Libor-OIS, which indicates banks’ reluctance to lend, fell to 0.45 percentage point last week, the lowest level since February 2008. Still, futures indicate the measure is about two years away from shrinking to 0.25 percentage point. That’s the level former Fed Chairman Alan Greenspan has said would be considered "normal."

The BBA asks member banks each morning how much it would cost them to borrow from each other for 15 different periods, from overnight to one year, in currencies from dollars to euros and yen. It then calculates averages, throwing out the four highest and lowest quotes, and publishes them after 11:30 a.m. in London.

Libor would have been 0.67625 percent on May 22 when including the four highest and lowest quotes, above the 0.66 percent reported rate. JPMorgan Chase reported the lowest rate, at 0.59 percent, and Royal Bank of Canada the highest, at 0.94 percent.

The difference of 35 basis points was the most since Jan. 9, and up from 21 basis points a week earlier. The disparity averaged almost 58 basis points in the fourth quarter, according to John Ewan, a director of the BBA. Royal Bank of Scotland quoted the highest rate about 85 percent of the time since Feb. 19, according to the BBA.
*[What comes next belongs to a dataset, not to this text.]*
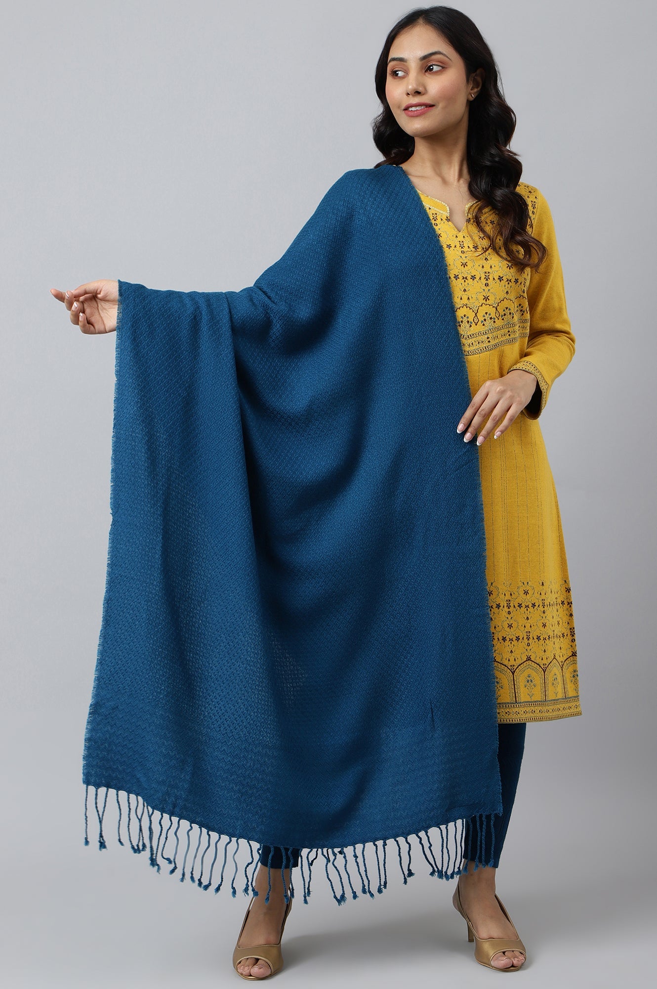 This basic shawl is an absolute must-have to survive in the chilly winters. Its curated in soft acrylic yarns knitted together to create a subtle design. It has fringes at the two ends of the shawls.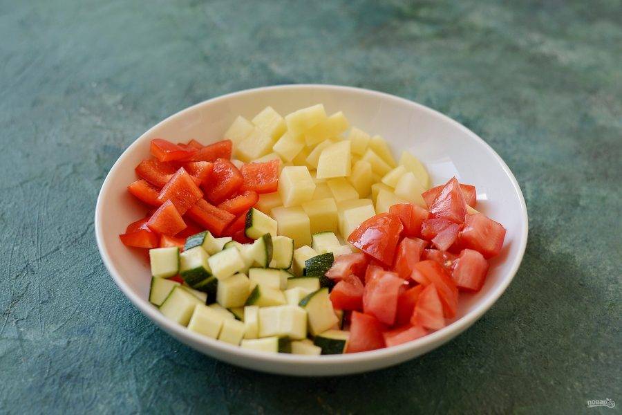 Болгарский перец, картофель, цукини и помидоры нарежьте крупными ломтиками.

JPMorgan, which has applied to repay the funds it borrowed under the $700 billion financial rescue package, typically quoted the lowest, data show.

"The disparity and the difference is really a signal to the market of who really wants to make some loans and who’s got the ability to make those loans," said Mark MacQueen, partner and money manager at Sage Advisory Services, which oversees $7.5 billion. "A lot of banks are just trying to hold on to what they have and not really make loans."

Libor came under fire last year amid concern that some banks were underestimating borrowing costs to avoid the perception they were in financial straits.Former Bank of England policy Willem Buiter described Libor last year as the "rate at which banks don’t lend to one another."